Il Cacciatore di Orfani: un viaggio noir nella gelida Islanda – Recensione

Il Cacciatore di Orfani è un romanzo di Yrsa Sigurdardóttir, ingegnere e scrittrice islandese che alterna la scrittura di thriller a romanzi per bambini. L’autrice vive ed opera a Reykjavík e i suoi romanzi ci affascinano proprio per la loro algida freddezza e brutalità.

Il Cacciatore di Orfani è edito in Italia da Mondadori, che inserisce la scrittrice nordica nel proprio catalogo, dove figurano già autori come Dan Brown o William Gibson.

Il libro si apre come in un classico di genere noir.
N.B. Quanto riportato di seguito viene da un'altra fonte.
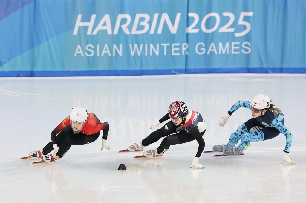 2月9日,中國隊選手王欣然(左)在比賽中。當日,第九屆亞冬會短道速滑女子3000米接力A組決賽在哈爾濱舉行,中國隊奪得冠軍。新華社記者 楊磊 攝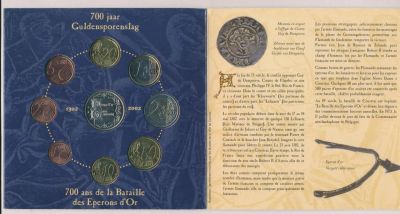 Бельгия 2002 Набор евро монет UNC + жетон 700 лет Битва при Куртре или Битва шпор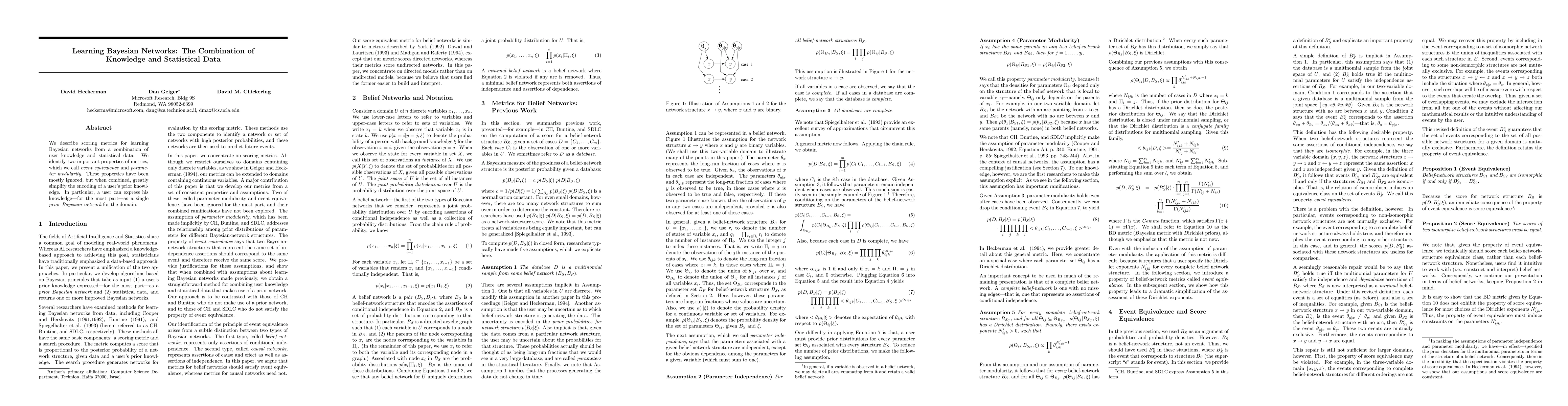We describe algorithms for learning Bayesian networks from a combination of user knowledge and statistical data. The algorithms have two components: a scoring metric and a search procedure. The scoring metric takes a network structure, statistical data, and a user's prior knowledge, and returns a score proportional to the posterior probability of the network structure given the data. The search procedure generates networks for evaluation by the scoring metric. Our contributions are threefold. First, we identify two important properties of metrics, which we call event equivalence and parameter modularity. These properties have been mostly ignored, but when combined, greatly simplify the encoding of a user's prior knowledge. In particular, a user can express her knowledge-for the most part-as a single prior Bayesian network for the domain. Second, we describe local search and annealing algorithms to be used in conjunction with scoring metrics. In the special case where each node has at most one parent, we show that heuristic search can be replaced with a polynomial algorithm to identify the networks with the highest score. Third, we describe a methodology for evaluating Bayesian-network learning algorithms. We apply this approach to a comparison of metrics and search procedures.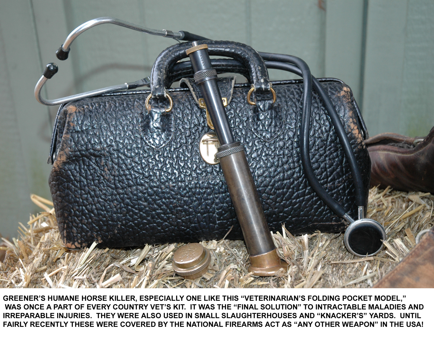 Greener's Humane Killers are the best known, though Greener was not the only manufacturer of free-bullet killers. Collectors of veterinary paraphernalia regard the Greener Humane Killer as a very desirable item, almost the "Holy Grail" of this rather specialized field of collection. Prices for a good one, especially the Pocket Model, range from $250 to $400 depending on condition and whether the original carrying case is included. The Folding Veterinarian's Pocket Model, shown below, was small enough to carry in the vet’s little black bag: in the first half of the 20th Century virtually every country and racecourse veterinarian carried one. Not many people realize it now, but well into World War Two, most European armies still had cavalry units; and they relied on horses to haul supplies and heavy weapons. Hence, there were soldiers whose job was to tend to them, and when needed, to put them down. The Pocket Model Humane Killer was standard issue to farriers and vets in the British Army.

L’ambientazione è quella della gelida Islanda e della sua capitale, Reykjavík. Su questo sfondo desolato e desolante si staglia la vicenda che vede protagonista il detective Huldar a cui, per la prima volta, viene assegnato il primo caso importante: l’omicidio efferato di una giovane madre.

La testimone oculare del misfatto è la figlia della donna , una bambina di sette anni che ora vive in stato di shock post traumatico. Per questo motivo viene inserita nell’indagine una psicologa, Freyja che aiuterà Huldar a risolvere il caso e a viaggiare nei meandri più oscuri della mente umana. Questo viaggio di cui viene restituito il biglietto di ritorno, cambierà per sempre il detective e il modo di approcciarsi alla materia di indagine. Solo così, conoscendo il male e il dolore più estremo si riuscirà a scoprire la vera identità dell’assassino.

Il Cacciatore di Orfani è un libro in pieno stile noir che strizza l’occhio ai romanzi di formazione

Il romanzo Il Cacciatore di Orfani non è il classico thriller. Risente molto dell’influenza della letteratura nordica e di quel filone quasi fantasy dove le descrizioni la fanno da padrona.

Come in un bel romanzo russo colmo di descrizioni e drammatica brutalità, il plot prosegue in maniera tranquilla e quasi non ci si accorge di leggere, in realtà, un thriller poliziesco. Questa è forse la nota dolente della trattazione della materia. Un libro con uno stile fin troppo benevolo per essere un romanzo di genere noir.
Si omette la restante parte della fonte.